Air pollution has emerged as a major contributor to global morbidity and mortality, with nearly 6.7 million deaths worldwide attributed to air pollution in 2019 alone.^6^ In the general population, pollutants such as fine particulate matter with diameter of 2.5 µm or less (PM_2.5_), particulate matter with diameter of 10 µm or less (PM_10_), and gaseous emissions (nitrogen dioxide [NO_2_], ozone [O_3_]) are factors associated with worse cardiovascular outcomes and adverse cardiac remodeling and diastolic dysfunction, with the most robust epidemiologic evidence observed with long-term exposure to PM_2.5_.^7^ Each 10 μg/m^3^ increase in PM_2.5_ was associated with a 74.8% higher risk of HF.^8^ In a large, population-based US cohort study of patients with cancer and cancer survivors, PM_2.5_ was associated with 1.32-fold higher cardiovascular mortality, which was worsened in patients who received chemotherapy or radiation.^9^ However, understanding of air pollution and the relationships with detailed measures of cardiac remodeling and function, particularly in patients with breast cancer treated with potentially cardiotoxic cancer therapy, remains limited.
The objective of this study was thus to determine the associations between air pollutant exposure and changes in cardiac function, structure, and remodeling, defined by comprehensive quantitative echocardiography in patients with breast cancer treated with anthracyclines and/or trastuzumab therapy.

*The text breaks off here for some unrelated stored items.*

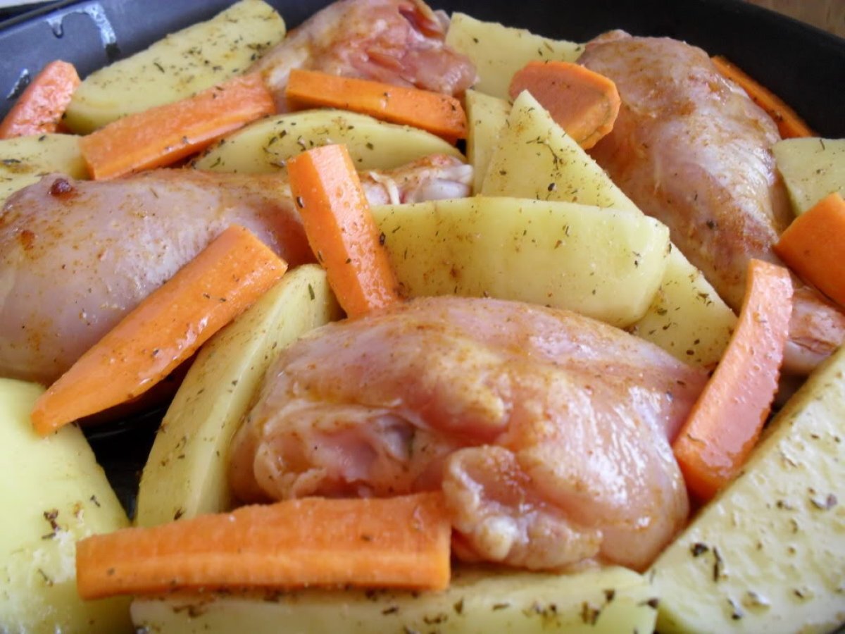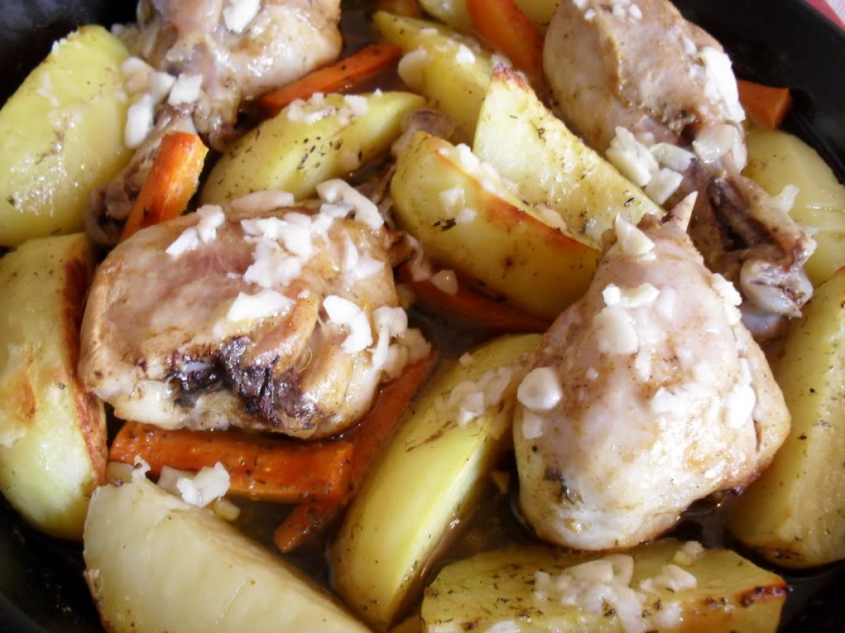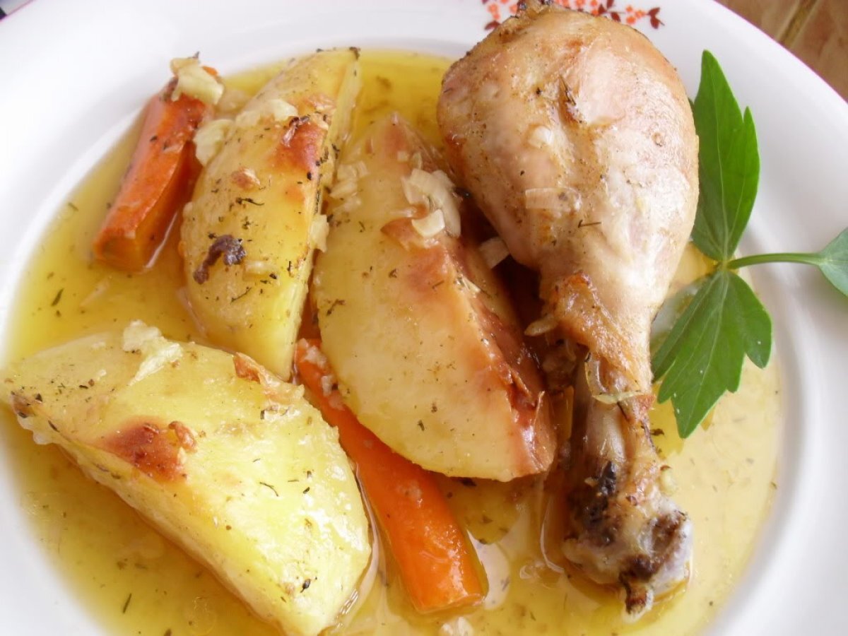 Ciocanele cu cartofi in vin alb PrecedentulUrmătorul Felul principalFoarte ușor50 min Trimite unui prieten Printează pagina Adresează o întrebare autorului Postează o poză cu rețeta gătită de tine Ingrediente 4 4 pulpe de pui 1/2 kg cartofi 2-3 morcovi condimente pt pui, sare ,piper, cimbru, condimente pt cartofi mujdei de usturoi
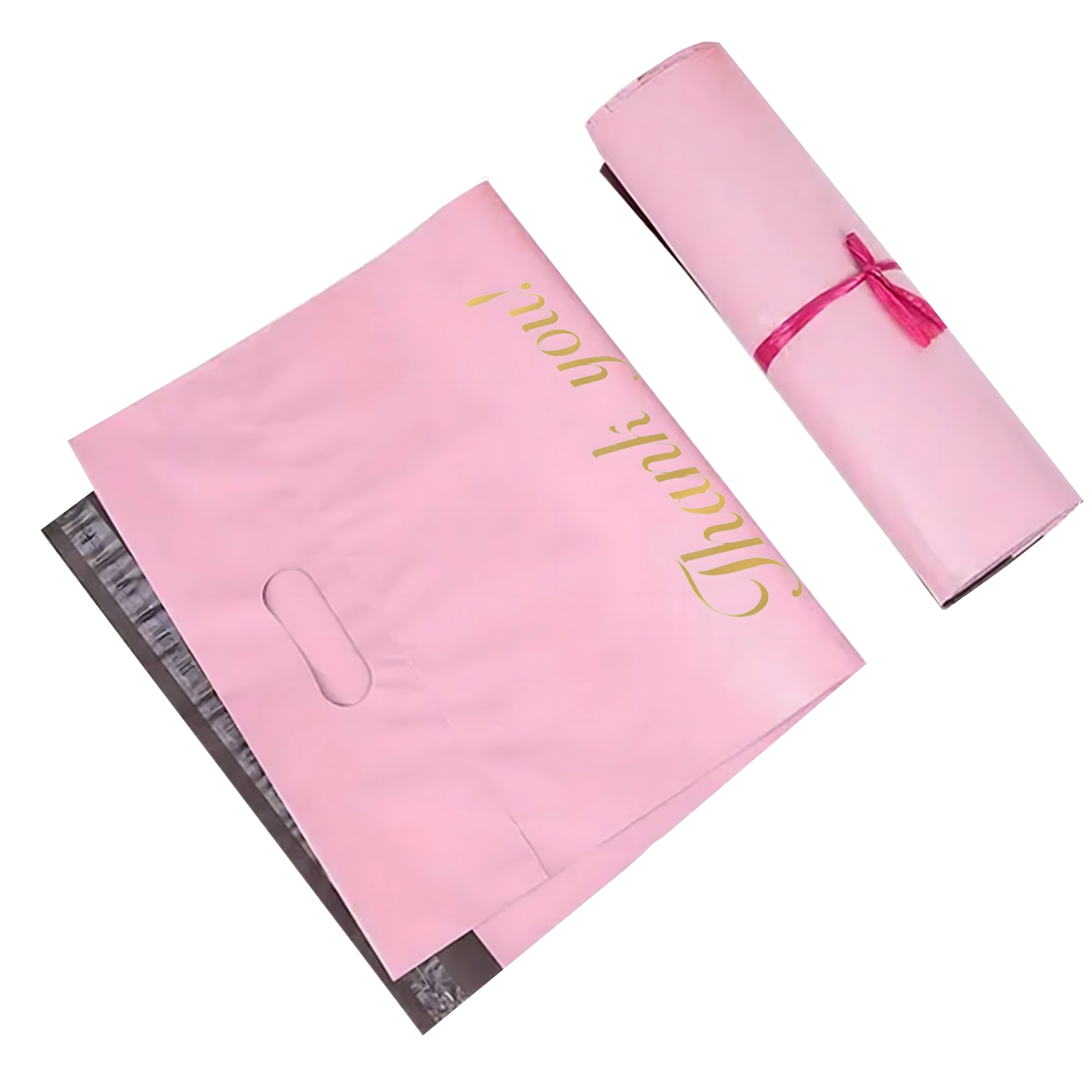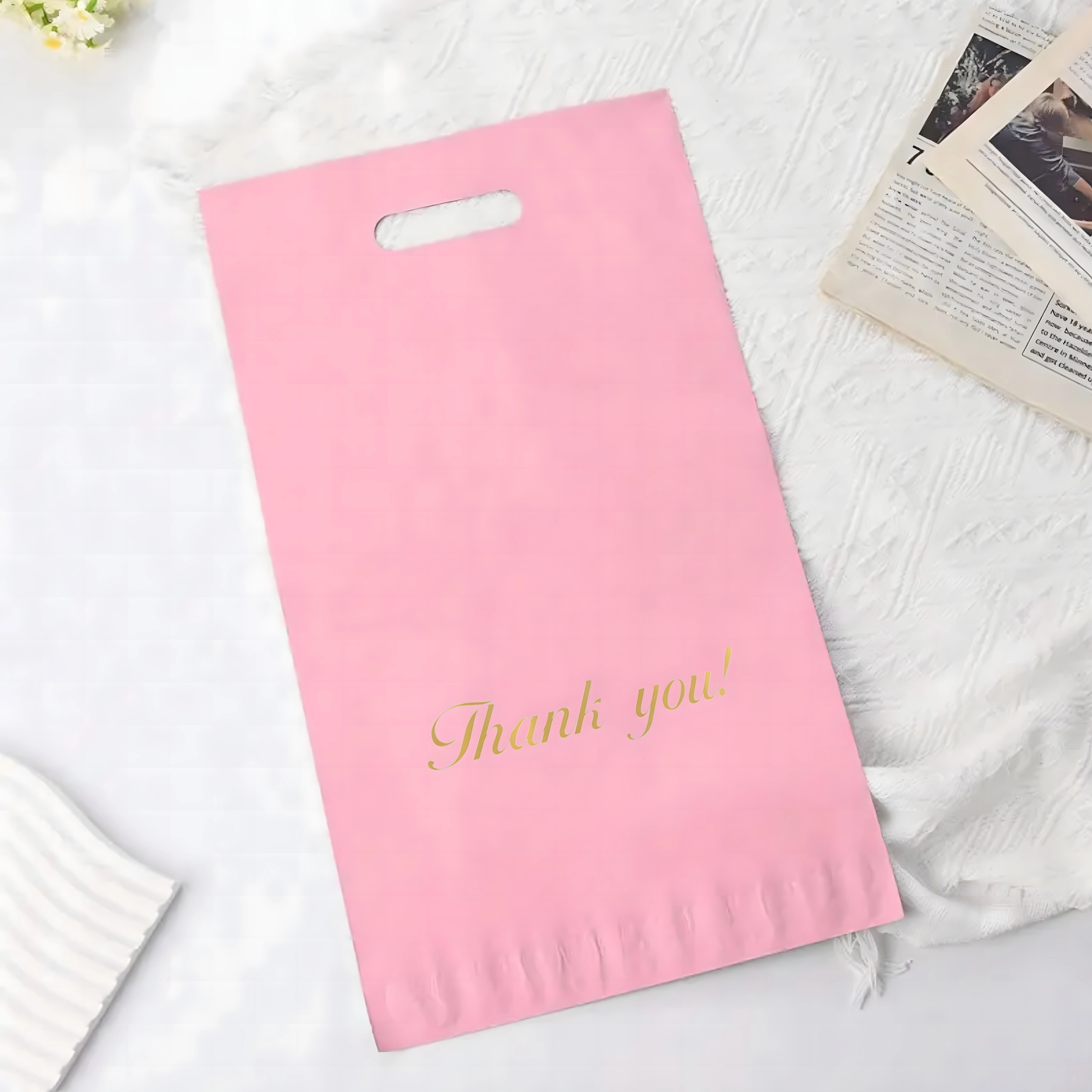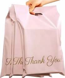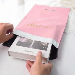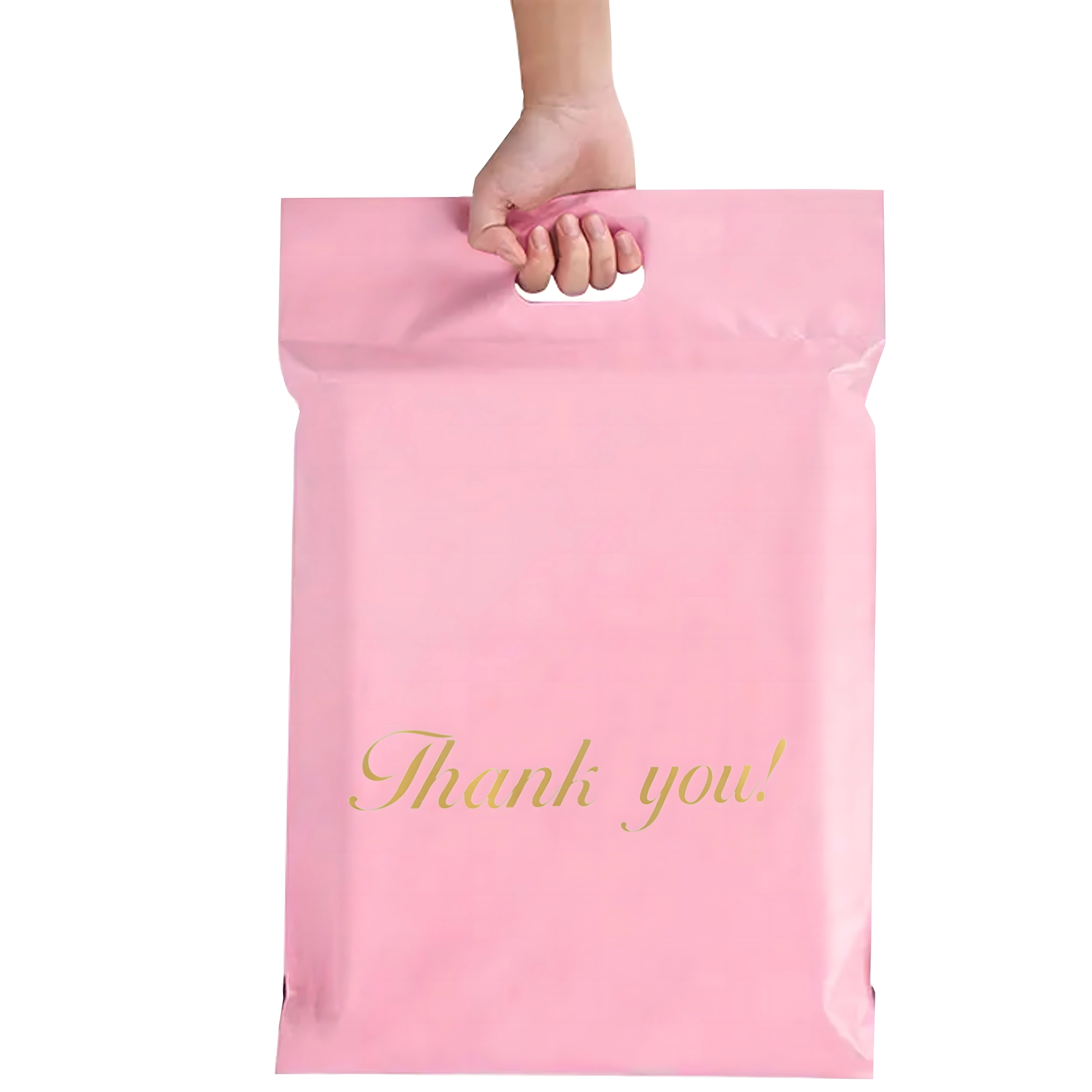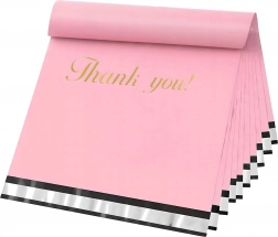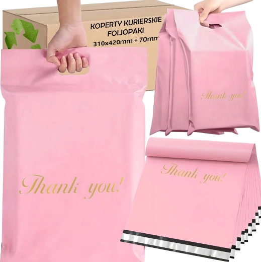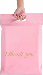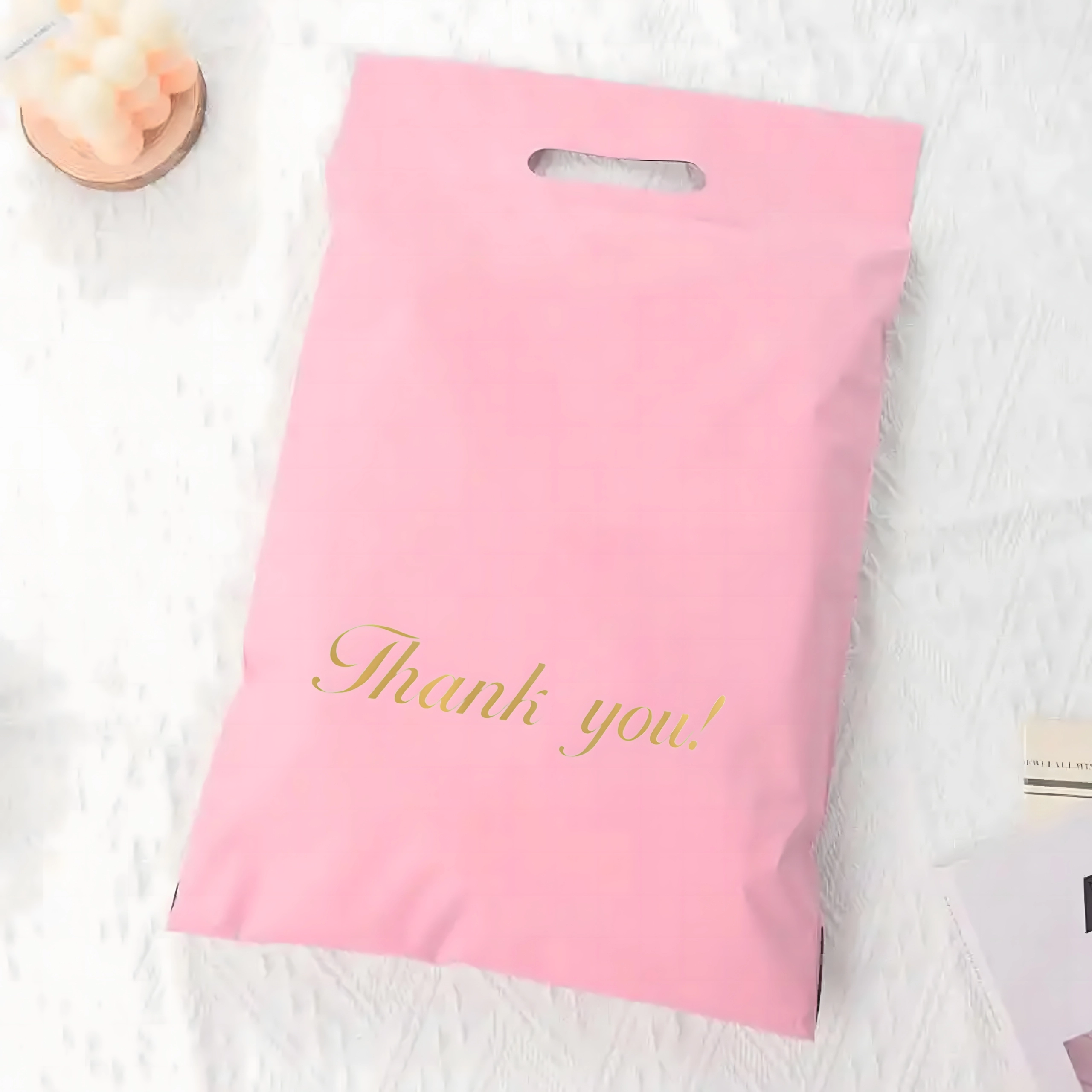 Praktische roze polyzakken met gestanste handgreep voor makkelijk dragen zorgen voor veilige, waterdichte en snelle verpakking van zendingen. Zelfklevende strip voor betrouwbare sluiting, scheurweerstand en een elegante tekst “Thank you!” voor een stijlvolle presentatie van het pakket.
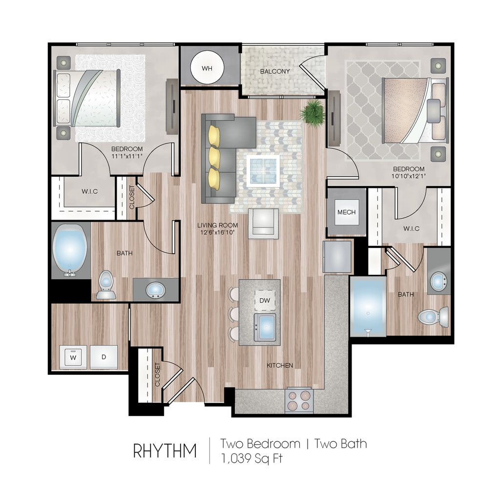 1 Bed, 1 Bath, 703-710 sq ftAvailable NowCheapest 1 BedroomThis is the cheapest 1 Bedroom at this PropertyModel Gallery
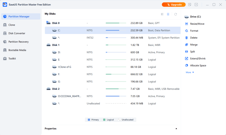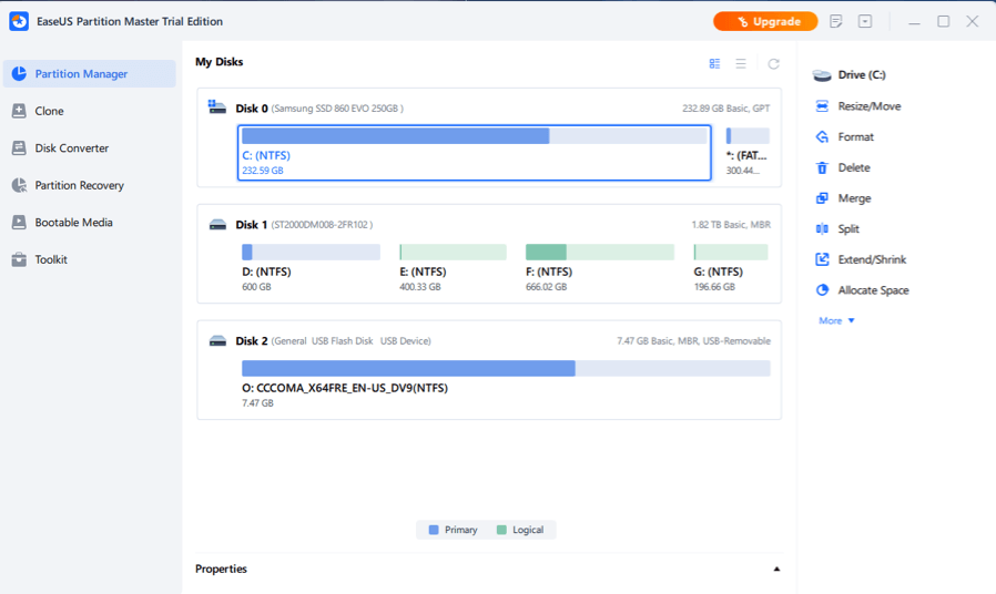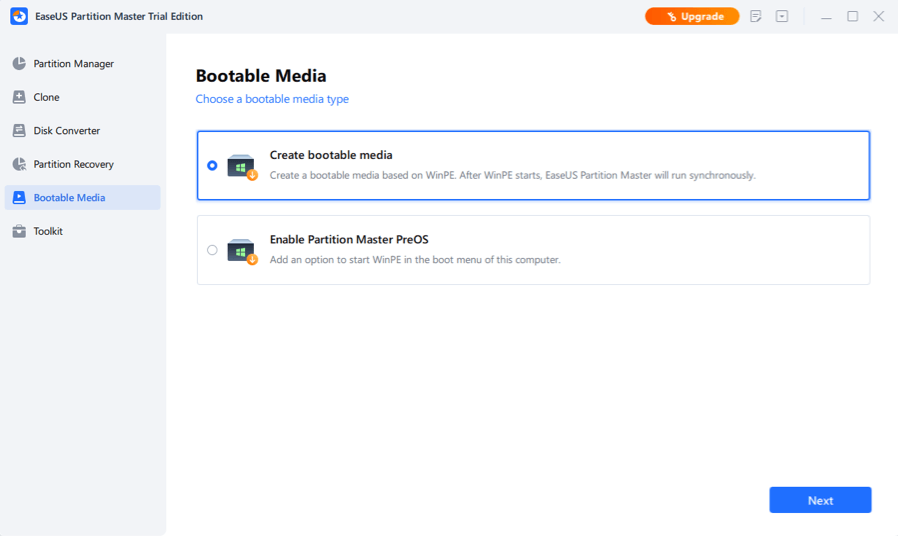 您可以使易我分区大师创建WinPE磁盘。它可以帮助您在Windows之前启动电脑,以检查有问题的计算机上的分区状态。

Given previously established associations in the individual domains of cancer and cardiovascular disease (CVD),^10^ we hypothesized that PM_2.5_ levels would be most strongly associated with cardiac dysfunction and adverse remodeling.
Methods
Study Cohort
This longitudinal prospective cohort study used data from the Cardiotoxicity of Cancer Therapy randomized clinical trial, which enrolled women (aged ≥18 years) diagnosed with breast cancer between July 1, 2010, and November 1, 2018, from the Abramson Cancer Center at the University of Pennsylvania, a quaternary health care system, as previously described.^11,12,13,14,15^ The study was approved by the University of Pennsylvania’s institutional review board and adhered to the principles of the Declaration of Helsinki.^16^ All participants provided written informed consent. The study adhered to the Strengthening the Reporting of Observational Studies in Epidemiology (STROBE) reporting guideline.
The primary inclusion criterion was planned receipt of adjuvant or neoadjuvant cancer therapy with anthracyclines and/or trastuzumab. The exclusion criteria included pregnancy or an inability or unwillingness to provide informed consent. The cancer therapy regimen was determined by the treating oncologist and consisted of doxorubicin (240 mg/m^2^ divided into 4 cycles of 60 mg/m^2^ each) and cyclophosphamide followed by paclitaxel (hereafter, doxorubicin), doxorubicin (240 mg/m^2^ divided into 4 cycles) and cyclophosphamide followed by paclitaxel and trastuzumab (hereafter, doxorubicin plus trastuzumab), or trastuzumab with docetaxel and carboplatin (hereafter, trastuzumab).
Study visits occurred prior to cancer therapy initiation (baseline) and at standardized time intervals thereafter (eFigure 1 in Supplement 1). At each study visit, a questionnaire related to medical history was administered and echocardiography was performed according to a standardized imaging protocol. Clinical covariate data were obtained from participant interview and by review of the electronic medical records. Race, self-reported by each study participant, was obtained secondary to National Institutes of Health reporting guidelines. The Social Vulnerability Index (SVI) was determined using each participant’s baseline residential address, which was linked to the corresponding census tract identifier and matched to the SVI data developed by the Centers for Disease Control and Prevention (CDC) and Agency for Toxic Substances and Disease Registry.^17^
Exposure Assessment
We evaluated census tract–level exposure to PM_2.5_, PM_10_, NO_2_, and O_3_ based on 3-year average pollutant concentrations prior to cancer therapy initiation. For PM_2.5_, PM_10_, and NO_2_ we used annual averages, while for O_3_ we used the average of the daily maximum 8-hour moving value from May through September (warm-season ozone concentration).^18^ All estimates were derived from a land-use regression model developed by the Center for Air, Climate, and Energy Solutions, which integrates data from Federal Reference Method monitors, and Integrated Monitoring of Protected Visual Environments sites.^18^ In the model, approximately 350 geographic covariates (eg, traffic densities, land use, and satellite-based indicators) were incorporated at each location. Model performance was assessed using 10-fold cross-validation, resulting in a median R^2^ of 0.66 for conventional validation.^18^
Each participant’s census tract was identified from the residential address recorded at the time of enrollment using ArcGIS Pro, version 3.0 (Esri), and pollutant concentrations were collected for the enrollment year and the 2 preceding years.^19^ Given the enrollment years for the study were 2010 to 2018, this corresponded to the period of 2008 to 2018. The annual estimates over the 3 years were then averaged to reduce interannual variability, minimizing distortion from atypical local pollution events. Sensitivity analysis considering the 1-year pollutant concentration prior to cancer therapy initiation was also performed.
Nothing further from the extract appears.